The original Tudor building, known as Tudor Hall, was erected in 1577 opposite the Church of St John the Baptist on Wood Street, with money raised by the first governors of the school and by collections in London churches. It was repaired in 1597 and again in 1637. During the 17th century, further extensive repairs were carried out, in spite of a poor financial situation following the Civil War. Financial conditions became progressively more comfortable during the 18th century.

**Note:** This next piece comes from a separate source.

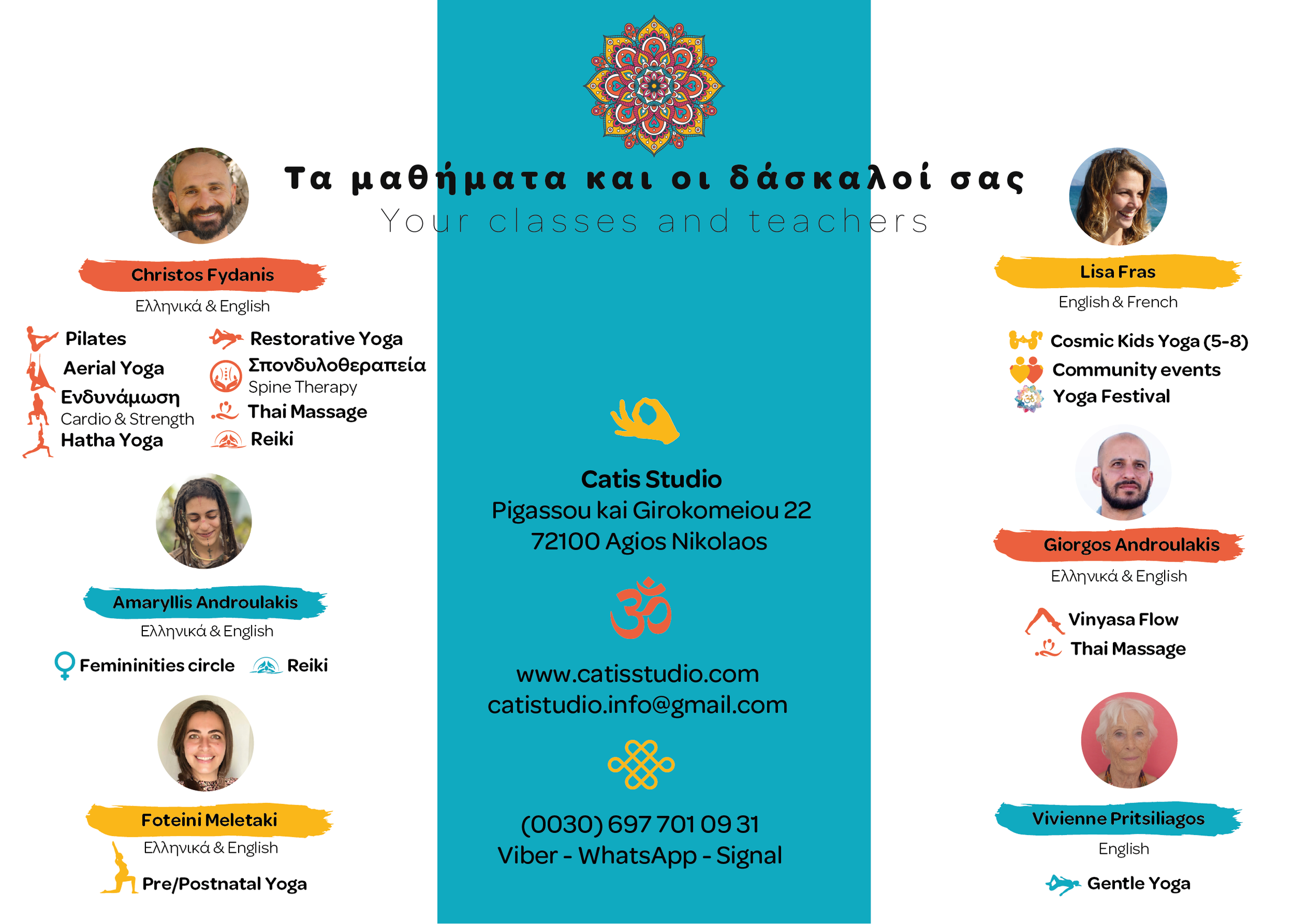 Aerial Yoga: dynamic and gravity-based classes in hammocks, happening outdoor (Almyros beach) from May to November.

The trustees of Elizabeth Allen's Charity, which had been established by her will dated 10 February 1725, gave financial assistance to save it from a state "very ruinous and unfit for habitation". It then became a private boarding school. In 1851, Charles Dickens criticised the school, using a disguised name for it, in an article called "A Free (and Easy) School"; an account of Queen Elizabeth's "Royal Grammar School at Thistledown"", in his magazine Household Words. He said that the school was failing to carry out the purpose for which it had been established. It was closed in 1872 and restored in 1874 with many additions. In 1885 a governor, H. E. Chetwynd Stapylton, bought a plot of land behind the Jesus Hospital, an almshouse building in Wood Street dating back to 1679; today the Stapylton Field stands in front of the main school building and is used for rugby and cricket.
Two plaques are located on the walls of the original school building, Tudor Hall. Inscribed on the stone plaque is: This is to commemorate the original school founded here by Queen Elizabeth and built in 1573. The school was removed in 1932 to new building in Queens Road, Barnet. This plaque was erected by the Visitors of Jesus Hospital Charity, the owners in 1952. A more recent blue plaque was erected by the London borough of Barnet which dictates: This Tudor Hall housed the free grammar school of Queen Elizabeth I who granted its charter in 1573.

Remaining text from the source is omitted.